Court Opinion

ID: 9845916
Source: CourtListenerOpinion
Date Created: 2023-09-24 03:31:00.105489+00
Date Added: 2024-06-11T09:16:26.333329
License: Public Domain

HALLEY, Chief Justice
(dissenting).
I respectfully dissent to the majority opinion in this case because I think that the case of Industrial Tile Company v. Home Federal Savings and Loan Association of Tulsa et al., Okl., 331 P.2d 918, is sound. It was adopted on June 10, 1958, and has been the law since and should not be overturned. It should control in this case.
To my way of thinking all that is involved here is the proper construction of 42 O.S.1961, § 141, and its application to the facts. It is not successfully denied that construction had started on the house involved here before the mortgage went of record. Section 141 has this language:
“ * * * Such liens shall be preferred to all other liens or encumbrances which may attach to or upon such land, buildings or improvements or either of them subsequent to the commencement of such building. * * ”
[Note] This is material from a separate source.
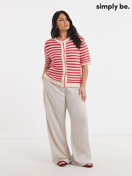 Simply Be Red Stripe Short Sleeve Frill Cardigan

This provision clearly favors those who-perform labor or furnish material. It does not require a laborer to go check the records at the County Clerk’s office to see whether a mortgage has gone of record since the building was started. The Legislature undoubtedly realized that it was better for the lending agencies to determine what improvements were upon the property when their mortgages are put of record. It is far better that they have this responsibility than a laborer. When a mortgage goes on record after a building is started the lending agency can protect itself by refusing to malee a loan or by seeing that all bills are paid on the building *497as they accrued. Lending agencies will simply have to know that work has not started on a house when their mortgage is put of record. This rule has been lived with for almost seven years. I think it is a mistake to change it when to do so would be against the plain provisions of Section 141, 42 O.S.1961.
I dissent.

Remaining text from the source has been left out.